Told with the pace of a thriller and the intimacy of eyewitness reporting, Mafia Queens of India is a portrait of women who broke the rules, rewrote them, and sometimes paid the ultimate price. The myriad tales in these pages are a grim reminder that, in the dark shadows of the mafia, the most dangerous figures are not always the ones you expect to be.

These are women who ruled rackets, outsmarted dons, and bent entire systems to their will.

Velly Thevar is a Mumbai-based journalist. As an investigative reporter she has exposed many scams and cover-ups and has extensively documented the life and times of the Mumbai mafia in various publications that she has worked with including The Afternoon, Bombay Times and The Telegraph.

S. Hussain Zaidi is a veteran investigative, crime and terror reporter with a career spanning decades. His previous books include Mafia Queens of Bombay, Dongri to Dubai, Byculla to Bangkok, Mumbai Avengers and Eleventh Hour, some of which have been adapted into popular Bollywood films. Hussain Zaidi lives with his family in Mumbai.

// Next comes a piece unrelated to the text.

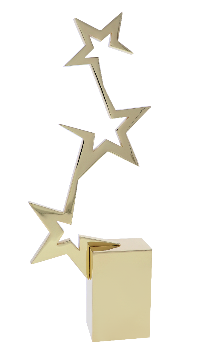 The Star 4 is a creative trophy that alludes to an ascent to the heavens. Each star, created by the negative space of the art, is outlined in an electroplated gold for a brilliant finish. Star 4 can be further customized to recognize significant individual contributors.

In the Acknowledgements to the book, he writes:

Mafia Queens of India is one of the most challenging books of my career. Well, every book is a challenge and quite and arduous task. I really sweat and really go through a tough time when I start a new project. Being a journalist for three decades, I thought writing comes to me naturally and easily, but actually, it’s not true. It is a major challenge for me, and a barrier that I have to surmount to finish the race. Much of the credit goes to my co-author.

With great pleasure, I announce that for the first time in my literary career, I have co-authored a book with Velly Thevar, to whom I’ve been married for thirty years. I have always been a big fan of husband-wife teams working in tandem, and in my field my friend Adrian Levy is very lucky to have an equally intrepid wife, Catherine Scott, as a co-author. This time I got my wish.

I have learnt so much from Velly in journalism, and in life, that her name should have been mentioned before mine on the cover of this book. But because I’ve reinvented myself as an author of multiple books, it has given me an edge over her in this sphere. The publishing think tank feels that the book will sell more if my name is listed first, and that is the only reason I’m taking the first lead on the cover. It was my honour to write this book with Her Highness, Velly Thevar.”